Extract every line between the one with "This was really" and the end of the entries, both included, word for word and free of pictures.
··· DATA UNDER STUDY ···
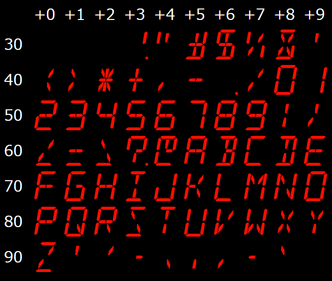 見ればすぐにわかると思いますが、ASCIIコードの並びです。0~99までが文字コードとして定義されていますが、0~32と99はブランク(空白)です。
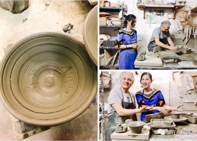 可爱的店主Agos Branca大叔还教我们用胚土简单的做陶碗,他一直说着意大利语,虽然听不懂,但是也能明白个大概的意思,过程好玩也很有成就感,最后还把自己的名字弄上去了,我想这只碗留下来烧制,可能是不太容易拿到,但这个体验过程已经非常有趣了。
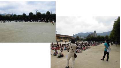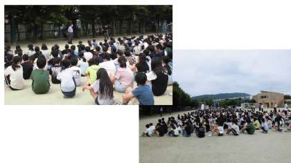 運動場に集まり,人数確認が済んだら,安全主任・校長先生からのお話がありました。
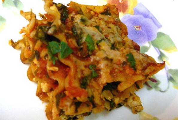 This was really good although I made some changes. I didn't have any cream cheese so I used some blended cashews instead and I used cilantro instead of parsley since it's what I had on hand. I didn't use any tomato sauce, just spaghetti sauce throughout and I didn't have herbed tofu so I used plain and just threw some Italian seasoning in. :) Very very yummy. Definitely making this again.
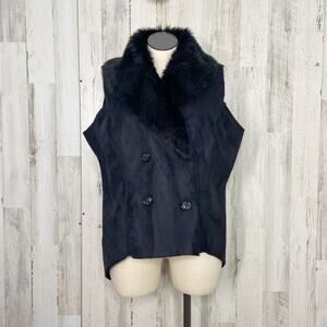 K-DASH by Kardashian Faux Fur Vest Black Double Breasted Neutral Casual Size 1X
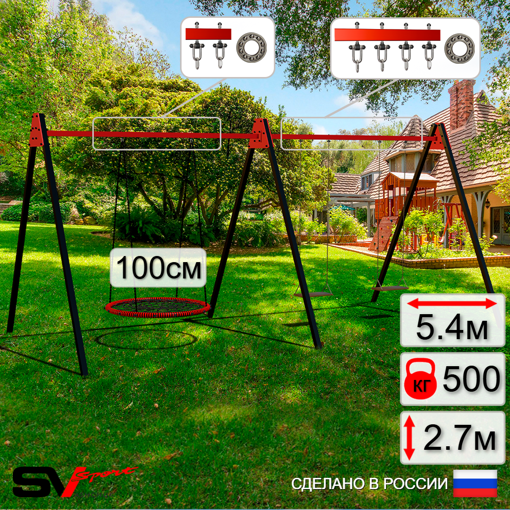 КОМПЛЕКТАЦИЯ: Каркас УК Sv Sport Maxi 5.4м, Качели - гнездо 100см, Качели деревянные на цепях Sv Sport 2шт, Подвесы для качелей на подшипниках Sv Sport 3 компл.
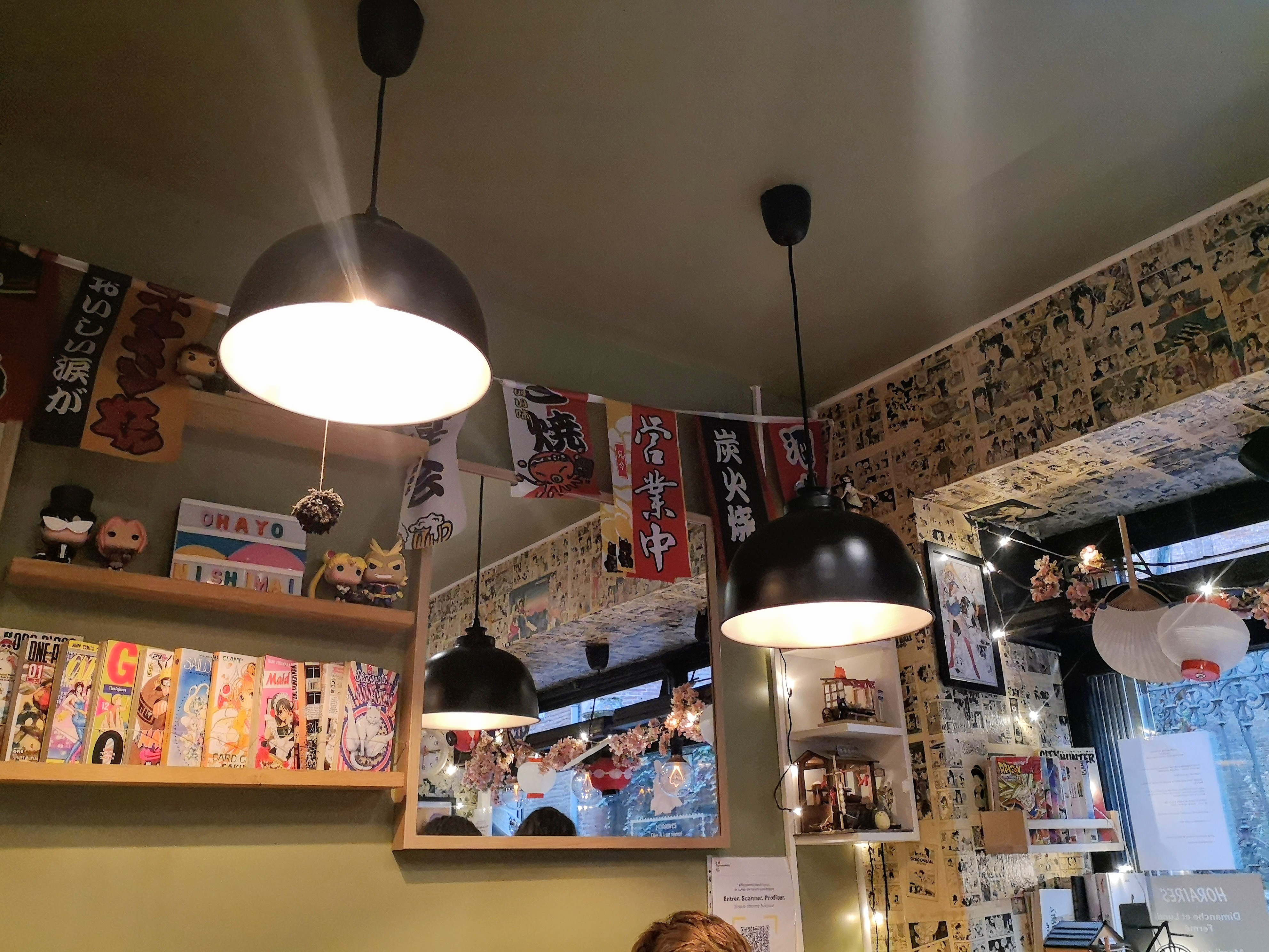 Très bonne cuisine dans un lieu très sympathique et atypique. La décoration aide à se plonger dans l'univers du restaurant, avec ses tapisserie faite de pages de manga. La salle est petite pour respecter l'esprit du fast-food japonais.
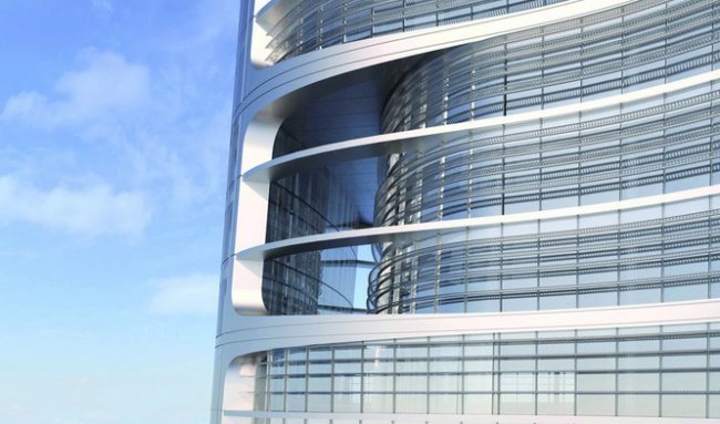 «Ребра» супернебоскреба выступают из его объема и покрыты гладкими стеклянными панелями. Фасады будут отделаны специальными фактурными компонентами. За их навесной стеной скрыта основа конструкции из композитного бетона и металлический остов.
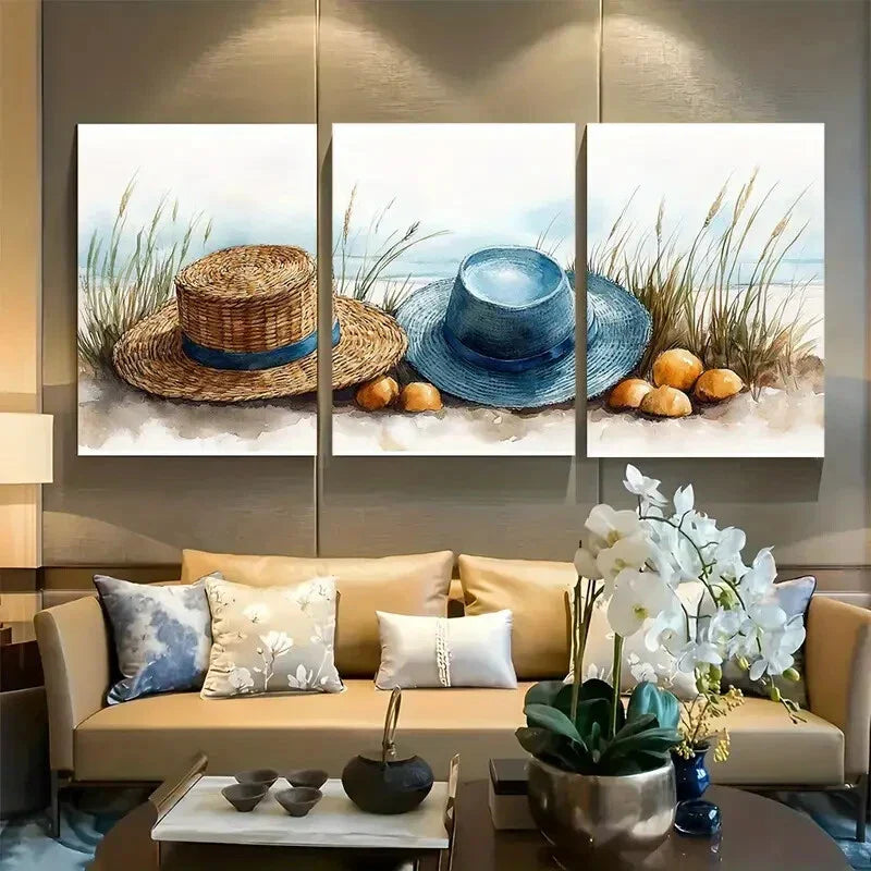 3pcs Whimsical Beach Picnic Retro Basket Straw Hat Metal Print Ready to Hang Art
···
EXPECTED ANSWER
 This was really good although I made some changes. I didn't have any cream cheese so I used some blended cashews instead and I used cilantro instead of parsley since it's what I had on hand. I didn't use any tomato sauce, just spaghetti sauce throughout and I didn't have herbed tofu so I used plain and just threw some Italian seasoning in. :) Very very yummy. Definitely making this again.
 K-DASH by Kardashian Faux Fur Vest Black Double Breasted Neutral Casual Size 1X
 КОМПЛЕКТАЦИЯ: Каркас УК Sv Sport Maxi 5.4м, Качели - гнездо 100см, Качели деревянные на цепях Sv Sport 2шт, Подвесы для качелей на подшипниках Sv Sport 3 компл.
 Très bonne cuisine dans un lieu très sympathique et atypique. La décoration aide à se plonger dans l'univers du restaurant, avec ses tapisserie faite de pages de manga. La salle est petite pour respecter l'esprit du fast-food japonais.
 «Ребра» супернебоскреба выступают из его объема и покрыты гладкими стеклянными панелями. Фасады будут отделаны специальными фактурными компонентами. За их навесной стеной скрыта основа конструкции из композитного бетона и металлический остов.
 3pcs Whimsical Beach Picnic Retro Basket Straw Hat Metal Print Ready to Hang Art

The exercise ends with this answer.